• The task:
Take from the entries below the stretch from the line with "Pés com fissuras" through the line with "横に開いたVラインがセンシュアルに冬のスタイルを仕上げるニット。", and return it exactly, leaving the pictures out.

• Extracted entries:
● ● ●
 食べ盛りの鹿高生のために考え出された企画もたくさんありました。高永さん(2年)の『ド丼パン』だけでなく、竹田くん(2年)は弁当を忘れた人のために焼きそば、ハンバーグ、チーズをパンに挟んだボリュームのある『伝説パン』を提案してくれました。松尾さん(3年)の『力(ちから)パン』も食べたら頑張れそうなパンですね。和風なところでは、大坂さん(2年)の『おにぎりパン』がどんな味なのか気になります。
● ● ●
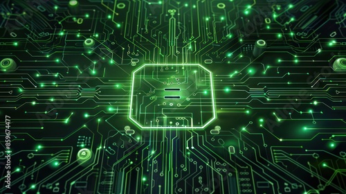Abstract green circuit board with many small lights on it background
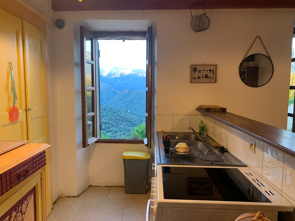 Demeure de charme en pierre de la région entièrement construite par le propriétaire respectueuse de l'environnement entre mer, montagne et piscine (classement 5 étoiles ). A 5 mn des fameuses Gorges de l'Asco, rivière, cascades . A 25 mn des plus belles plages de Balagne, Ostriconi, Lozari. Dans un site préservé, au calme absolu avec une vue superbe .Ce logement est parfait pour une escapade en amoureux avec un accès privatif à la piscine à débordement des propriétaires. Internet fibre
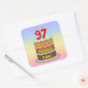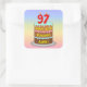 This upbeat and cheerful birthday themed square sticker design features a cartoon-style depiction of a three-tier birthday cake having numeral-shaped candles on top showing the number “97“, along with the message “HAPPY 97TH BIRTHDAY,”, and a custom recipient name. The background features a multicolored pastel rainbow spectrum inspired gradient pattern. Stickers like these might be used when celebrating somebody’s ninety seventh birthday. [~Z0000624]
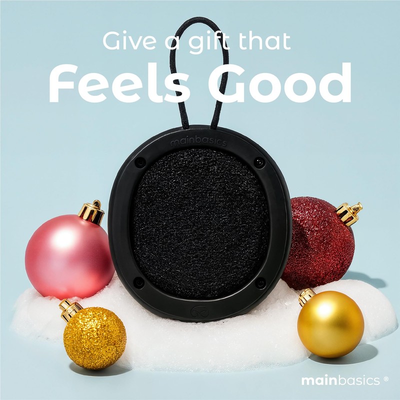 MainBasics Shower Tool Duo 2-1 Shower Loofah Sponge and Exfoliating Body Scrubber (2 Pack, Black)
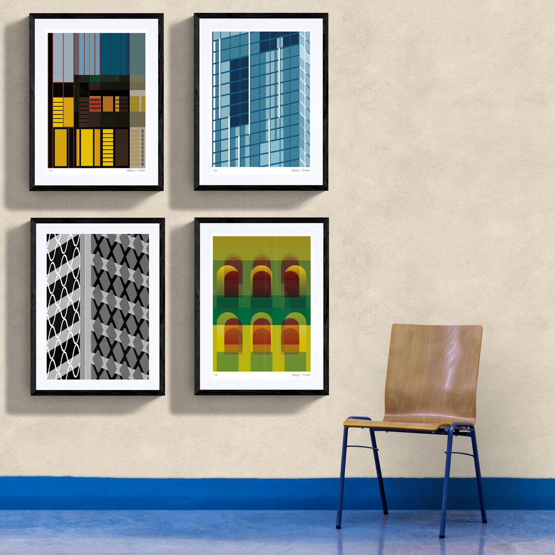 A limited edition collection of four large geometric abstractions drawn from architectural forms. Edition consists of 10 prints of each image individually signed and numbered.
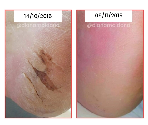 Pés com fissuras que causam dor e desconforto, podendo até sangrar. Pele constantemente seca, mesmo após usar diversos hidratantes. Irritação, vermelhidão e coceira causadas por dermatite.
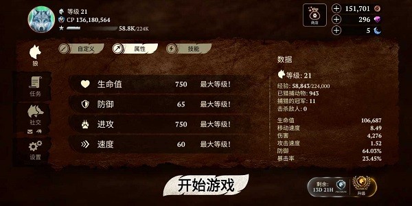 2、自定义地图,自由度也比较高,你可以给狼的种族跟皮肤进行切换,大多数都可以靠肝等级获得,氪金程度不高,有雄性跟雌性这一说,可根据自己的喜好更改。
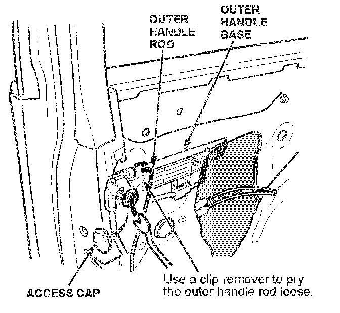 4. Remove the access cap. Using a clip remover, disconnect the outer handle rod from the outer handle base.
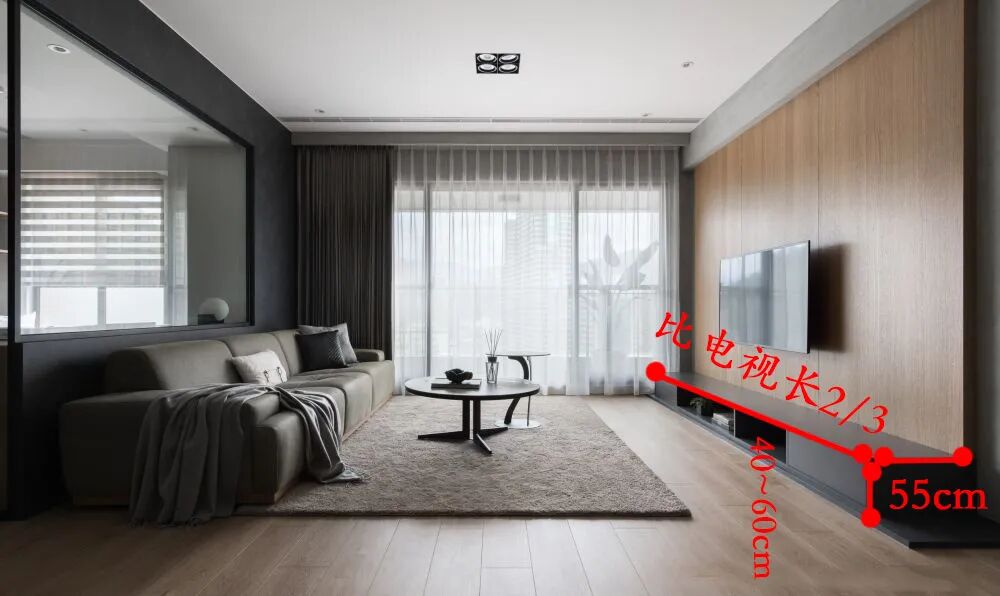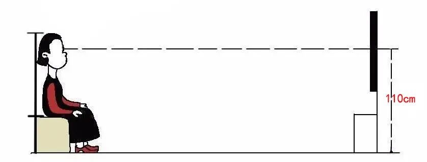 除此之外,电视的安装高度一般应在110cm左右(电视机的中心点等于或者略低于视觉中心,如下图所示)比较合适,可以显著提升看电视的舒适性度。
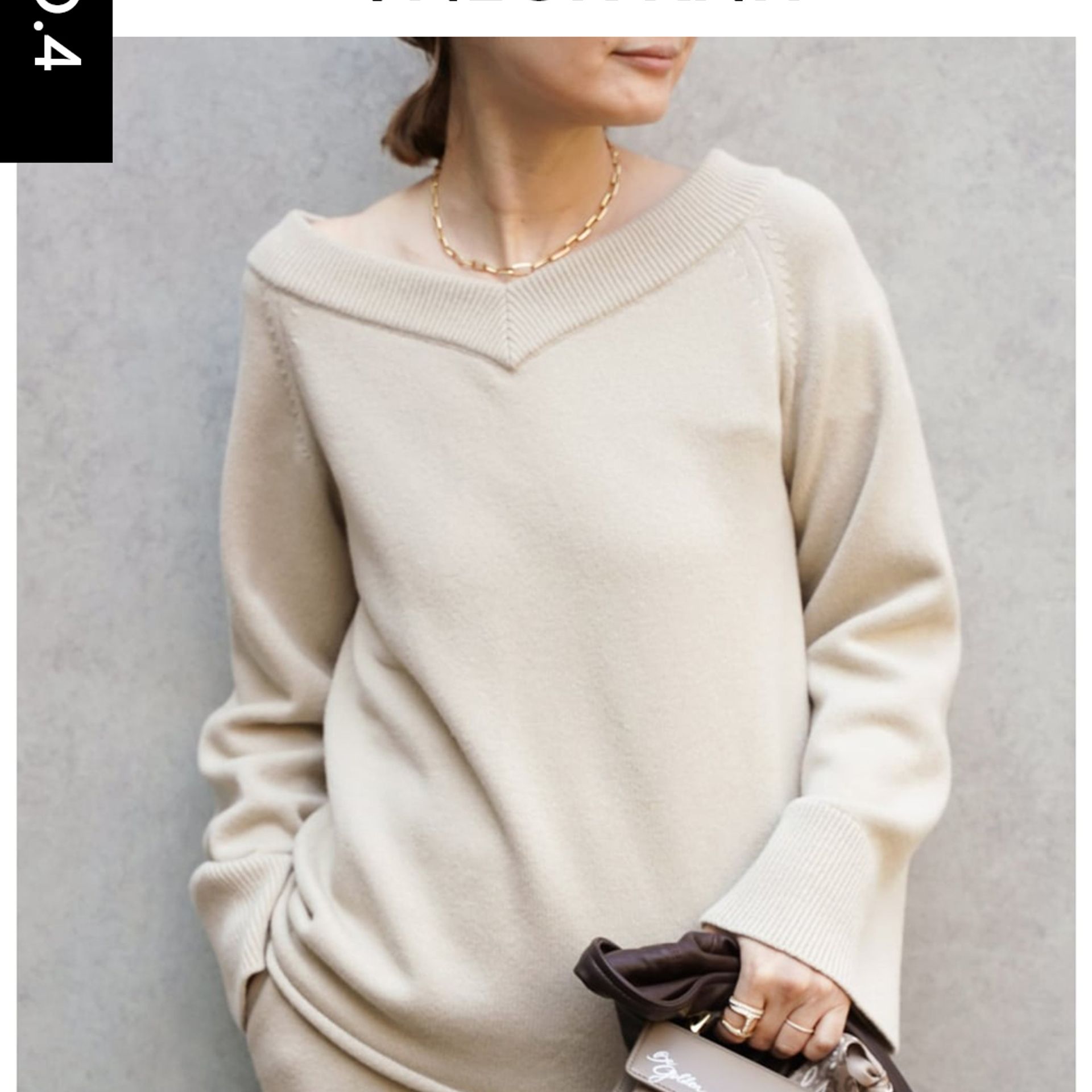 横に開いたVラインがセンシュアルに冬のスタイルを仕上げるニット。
● ● ●
• Output for this task:
 Pés com fissuras que causam dor e desconforto, podendo até sangrar. Pele constantemente seca, mesmo após usar diversos hidratantes. Irritação, vermelhidão e coceira causadas por dermatite.
 2、自定义地图,自由度也比较高,你可以给狼的种族跟皮肤进行切换,大多数都可以靠肝等级获得,氪金程度不高,有雄性跟雌性这一说,可根据自己的喜好更改。
 4. Remove the access cap. Using a clip remover, disconnect the outer handle rod from the outer handle base.
 除此之外,电视的安装高度一般应在110cm左右(电视机的中心点等于或者略低于视觉中心,如下图所示)比较合适,可以显著提升看电视的舒适性度。
 横に開いたVラインがセンシュアルに冬のスタイルを仕上げるニット。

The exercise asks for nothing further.